The VPR story is available here: http://www.vpr.net/news_detail/94476/medicare-rates-may-cause-rutland-rehab-unit-to-clo/
Franco: Payroll Tax to Fund Single-Payer must be Heftier for Larger Employers
John Franco, writing an op-ed in the Rutland Herald, offered some critical insight into the challenges facing the Shumlin Administration as they attempt to develop a financing plan for their Green Mountain Care single payer system. Franco points out that the leading candidate for replacing the $1.35 billion currently contributed by businesses in support of employees’ insurance is a payroll tax. But, citing a recent consultant’s study, he also points out that small employers enjoy a significant ‘subsidy’ from large employers because two income households tend to have the spouse employed by the larger business provide coverage for the family.

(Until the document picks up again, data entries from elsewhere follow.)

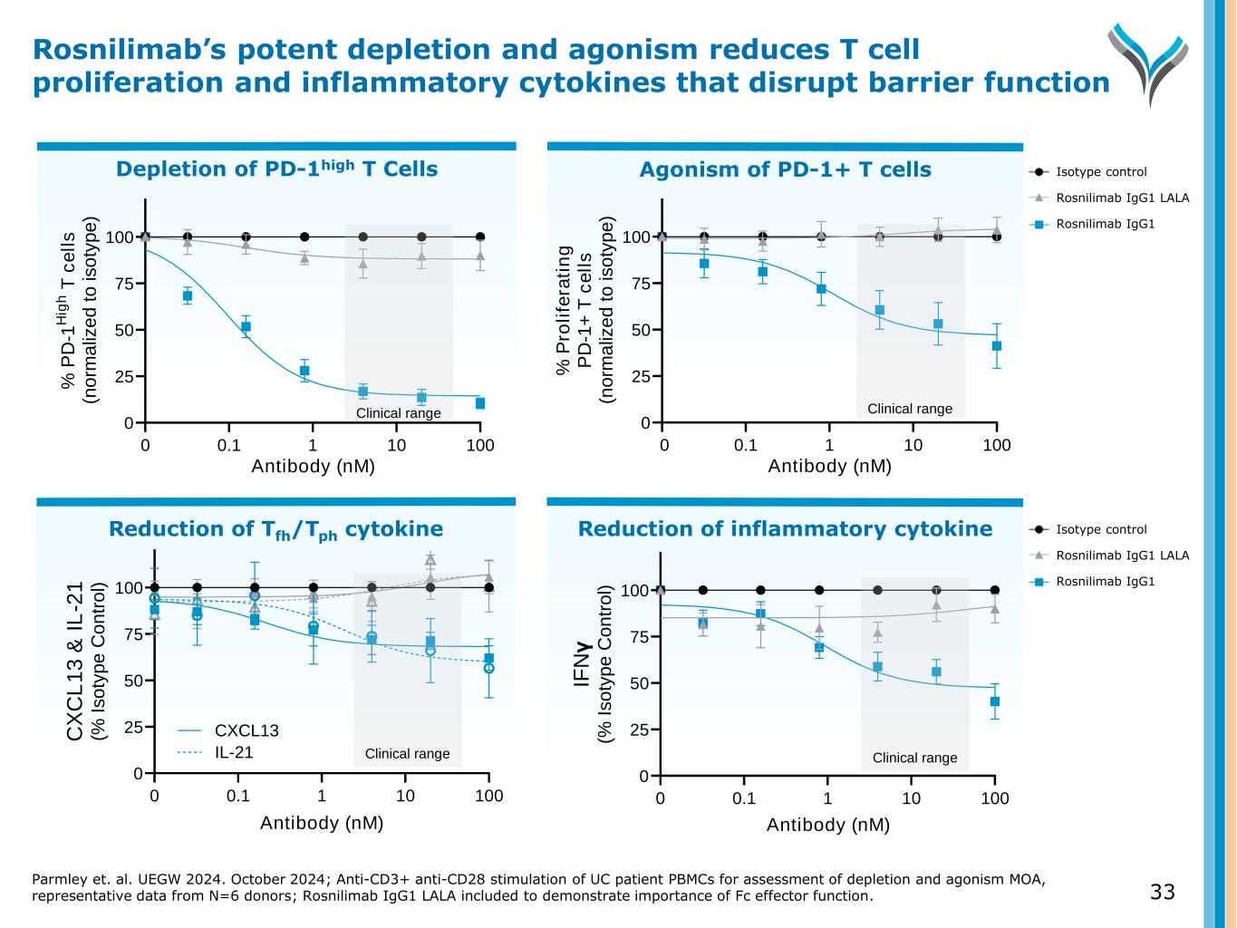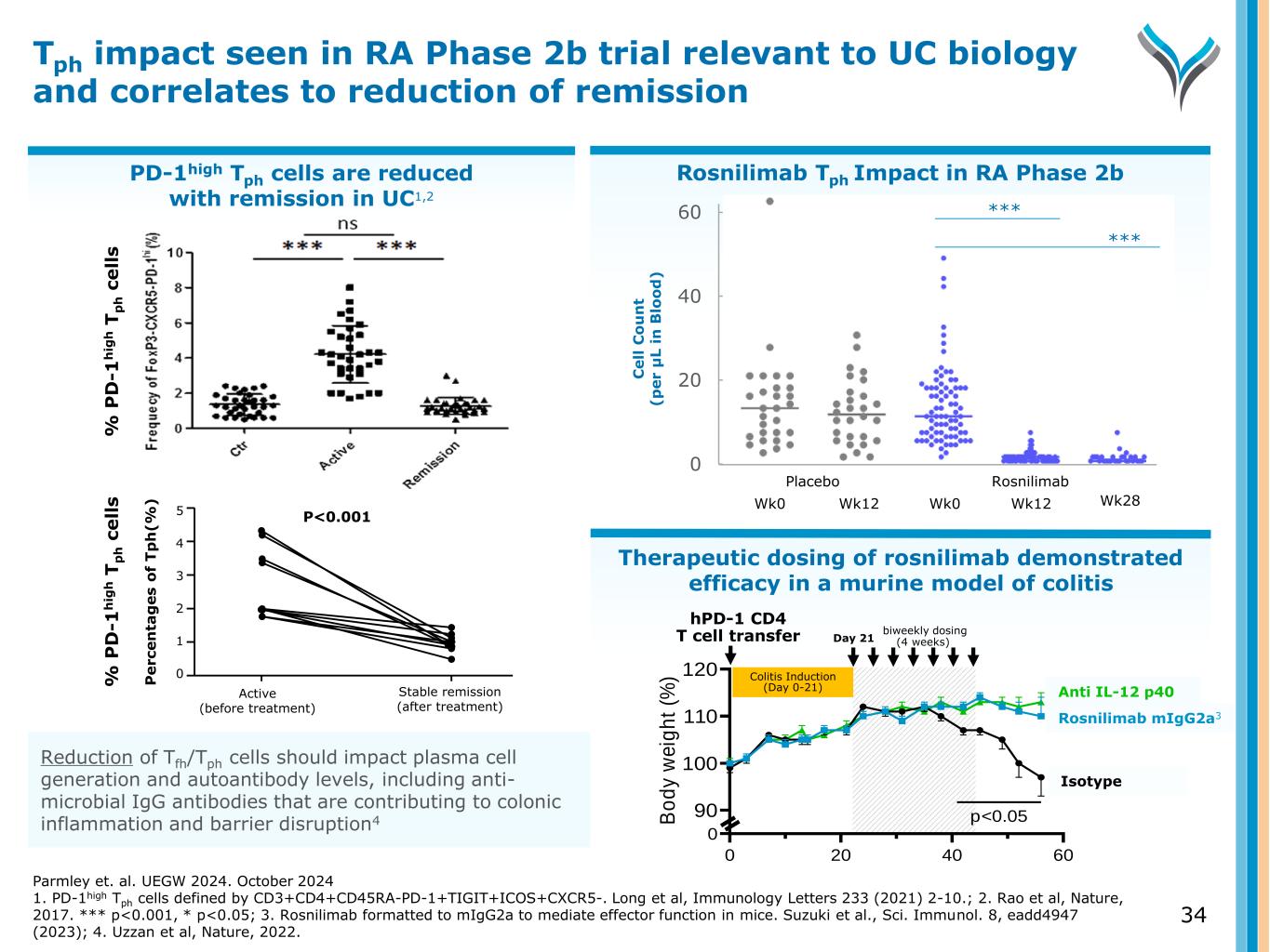Reduction of Tfh/Tph cytokine 0 25 50 75 100 0 0.1 1 10 100 Antibody (nM) C X C L 1 3 & I L -2 1 (% I s o ty p e C o n tr o l) IL-21 CXCL13 Clinical range Reduction of inflammatory cytokine Agonism of PD-1+ T cellsDepletion of PD-1high T Cells Parmley et. al. UEGW 2024. October 2024; Anti-CD3+ anti-CD28 stimulation of UC patient PBMCs for assessment of depletion and agonism MOA, representative data from N=6 donors; Rosnilimab IgG1 LALA included to demonstrate importance of Fc effector function. 33 Rosnilimab’s potent depletion and agonism reduces T cell proliferation and inflammatory cytokines that disrupt barrier function 0.1 1 10 100 0 25 50 75 100 Antibody (nM) % P D -1 H ig h T c e ll s (n o rm a liz e d t o i s o ty p e ) 0 Clinical range 0.1 1 10 100 0 25 50 75 100 Antibody (nM) % P ro li fe ra ti n g P D -1 + T c e ll s (n o rm a liz e d t o i s o ty p e ) 0 Clinical range 0 25 50 75 100 0 0.1 1 10 100 Antibody (nM) IF N γ (% I s o ty p e C o n tr o l) Clinical range Isotype control Rosnilimab IgG1 LALA Rosnilimab IgG1 Isotype control Rosnilimab IgG1 LALA Rosnilimab IgG1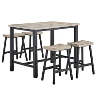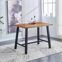 Maximize space with our 5-Piece Rectangular Pub Table Set. Crafted from birch veneer, MDF and metal for lasting durability. The stools conveniently tuck under the table when not in use, saving space while maintaining a clean look. Ideal for homes, restaurants, bars, and commercial spaces. Blends stylish classic design with practical functionality for any setting.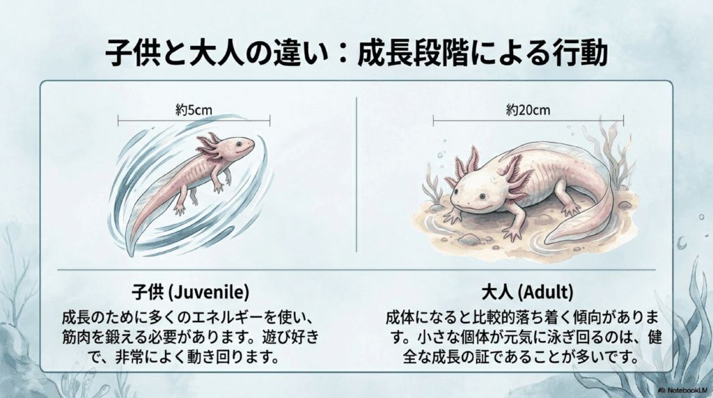 特に子供のウーパールーパーは、成長の過程で活発に泳ぎ回ることが一般的です。彼らは成長に伴い、運動能力を向上させるために多くのエネルギーを使います。子供のウーパールーパーは特に遊び好きで、他の個体と遊んだり、環境に興味を持ったりするために泳ぎ回ることが多いです。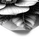 Den här slående svarta och vita blommigten har en vackert detaljerad stor blomma omgiven av lagrade, texturerade löv. Monokroma paletten tillför en modern och elegant beröring, skapar perfekten för väggkonst, hemdekorering, kläder eller kontorsmaterial. Idealisk för minimalister, blommigt älskare eller någon som tittar att lägga till en tidslängd, konstnärligt vibb i sitt rum eller i sin produktsamling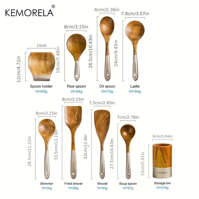 конструкция без царапин: Наш набор деревянной кухонной утвари изготовлен из плотнозернистой твердой древесины высшего качества с высоким содержанием органического масла и кремнезема, который известен тем, что является одной из самых твердых, прочных и долговечных из всех древесинок. Красиво изготовленные, мягкие на ощупь, легкие и очень прочные, в основном определяют эти наборы деревянных ложек для приготовления пищи. Теперь вы можете использовать свою драгоценную посуду с антипригарным покрытием, не беспокоясь о повреждениях и царапинах.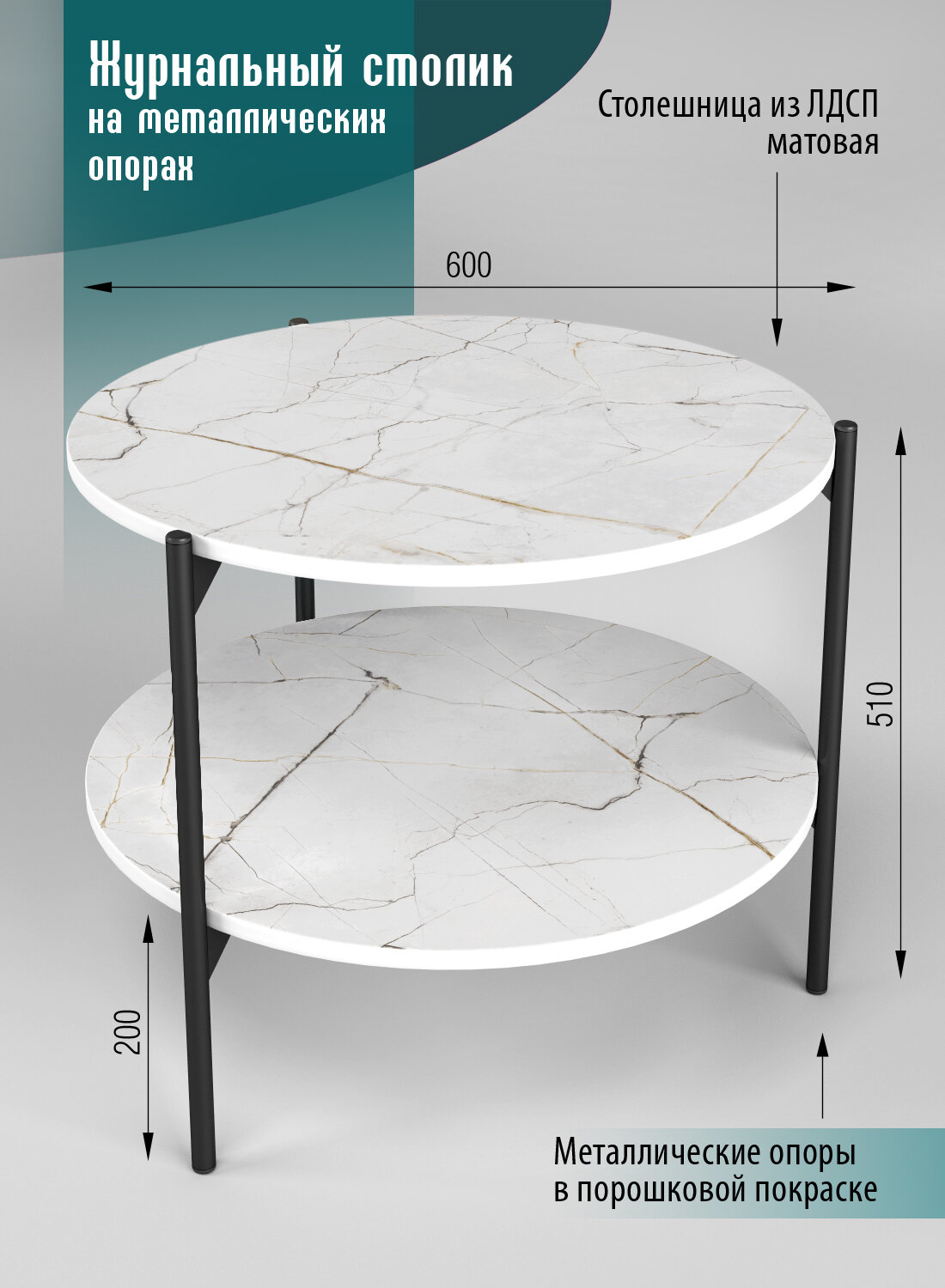 Столик журнальный DiX HOME "Шафран", лофт, две столешницы, металл, ЛДСП 4 230 ₽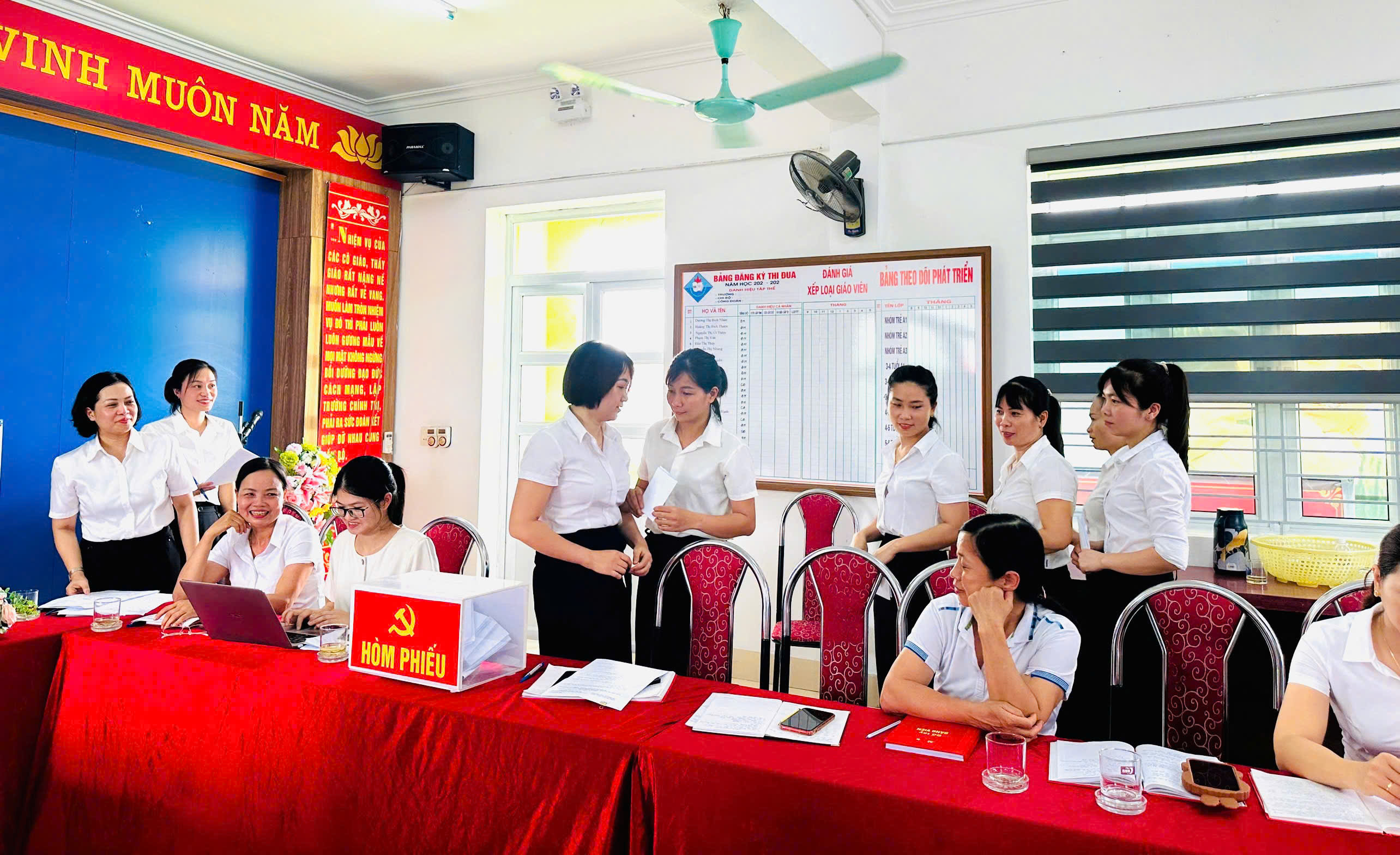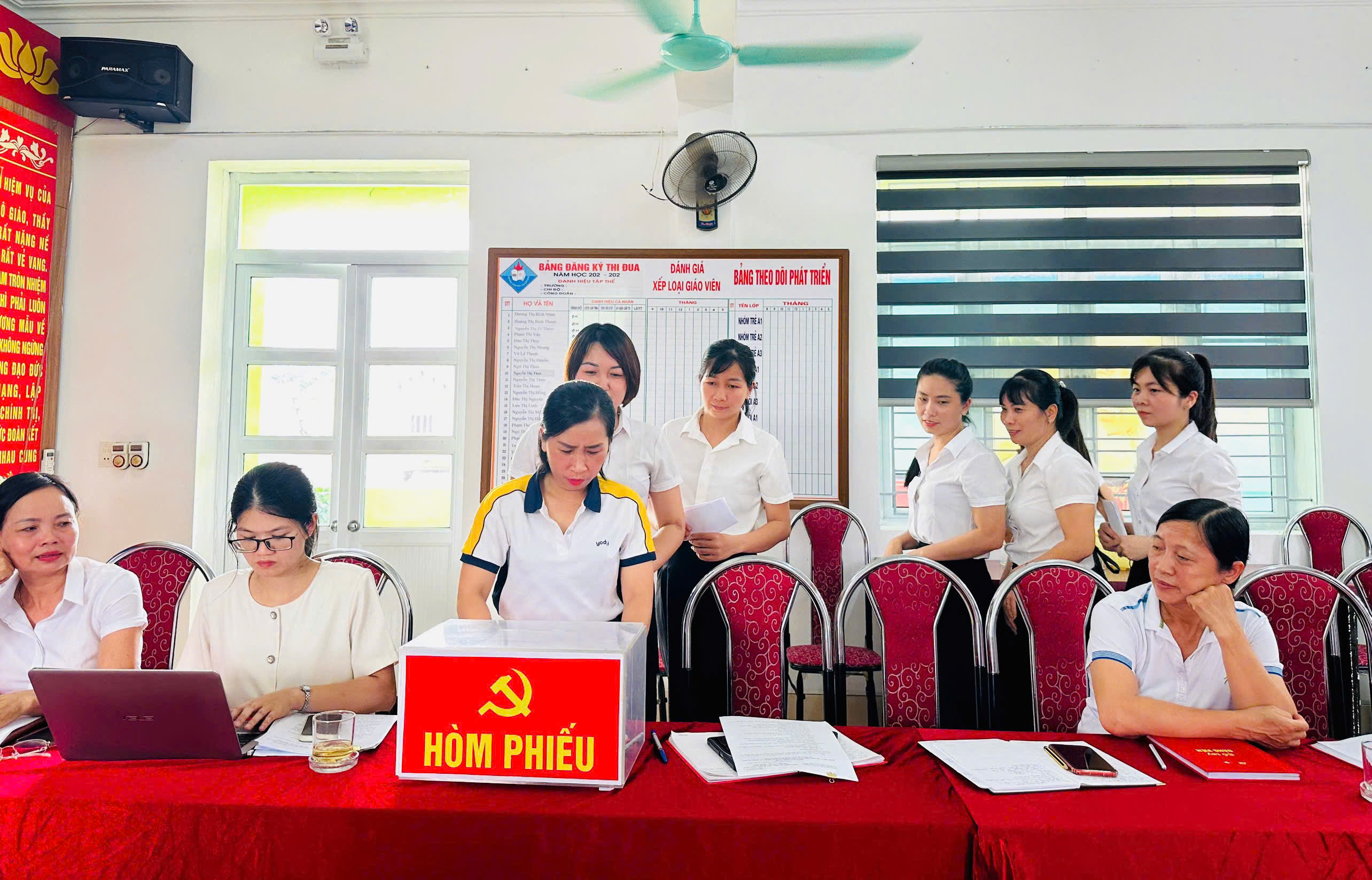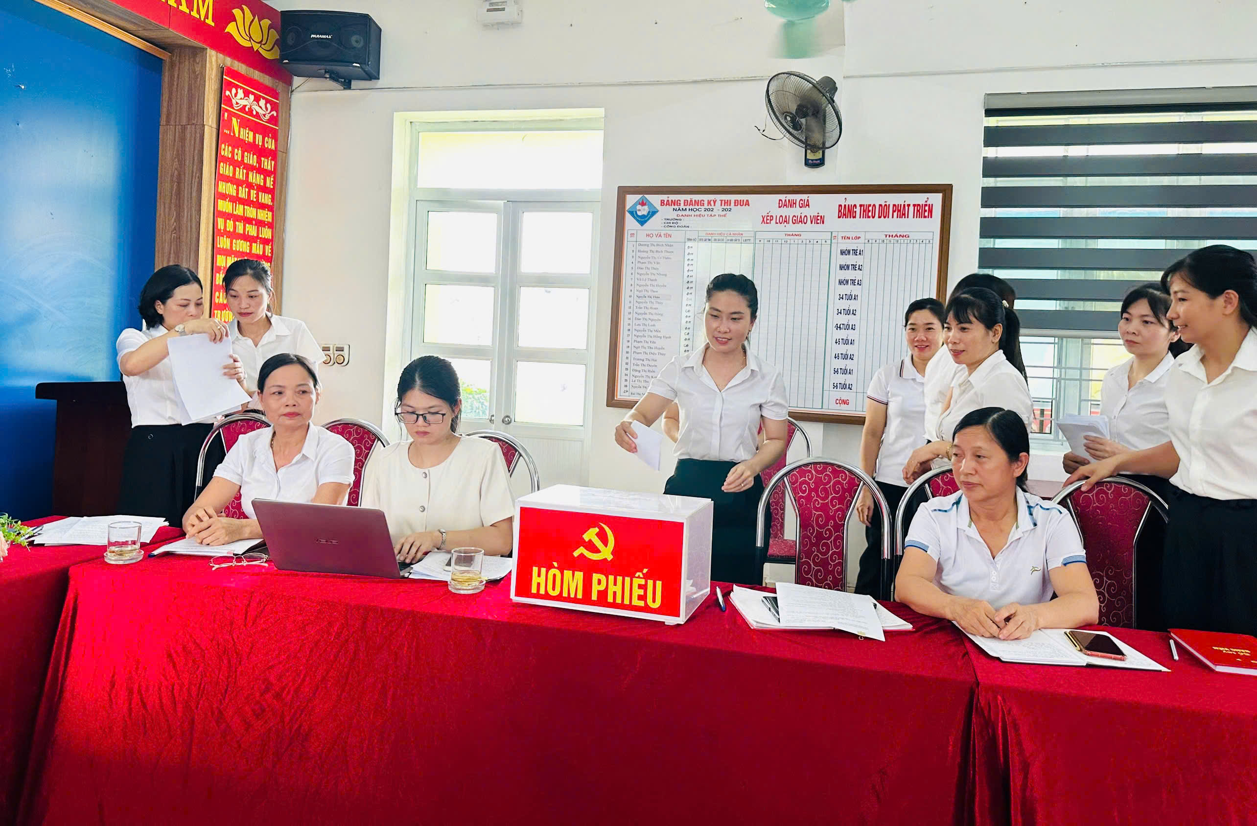 Sau phần đánh giá và thảo luận, Hội nghị đã tiến hành bỏ phiếu tín nhiệm công khai, dân chủ và đúng quy trình. Kết quả lấy phiếu tín nhiệm thể hiện sự tín nhiệm cao từ tập thể sư phạm nhà trường đối với đồng chí Hoàng Thị Bích Thược.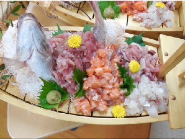 11月25日は舟盛り食の提供をしました。 マグロ・ブリ・鯛・キングサーモンの4種類をご用意し、調理師総出で捌きました。年に一度の舟盛りに利用者の皆さんは大興奮。『わたしは鯛が多めで!わたしはぶり!』などのリクエストや『わさびがツーンとなるのがいいのよね(8分音符)』など会話もいつも以上に弾んだご様子でした。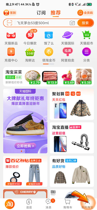 1、淘宝查看评价首先需要打开淘宝APP,点击首页右下角的“我的淘宝”图标。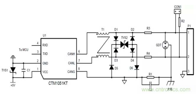 前面只是對(duì)ESD的作用機(jī)理進(jìn)行了分析,但隨著工業(yè)產(chǎn)品對(duì)通信接口的EMC等級(jí)要求越來(lái)越高。許多應(yīng)用要求滿足IEC61000-4-2靜電放電4級(jí),IEC61000-4-5浪涌抗擾4級(jí)要求。一般的收發(fā)器ESD、浪涌的防護(hù)等級(jí)均比較低,如CTM1051M隔離CAN收發(fā)器的隔離耐壓為2500VDC,裸機(jī)情況下,ESD、浪涌等級(jí)均較低。所以有必要增加外圍電路,提高通信端口的EMC等級(jí)。

“Consequently, small employers who offer health insurance nevertheless enjoy a substantial cross subsidy from large employers. According to this consulting study, Vermont firms with more than 100 employees account for one-third of total private employment but shoulder a whopping three-fourths of the total private insurance burden. In terms of payroll, there is almost an inverse relationship between the share of private payroll and the share of people privately insured: Sixty percent of the payroll pays toward only 22 percent of the insurance load.”
Franco advises that only a graduated payroll tax, assessed according to the size of the firm, would avoid forcing a much heavier burden on small businesses and a corresponding benefit for larger ones as compared to the current system.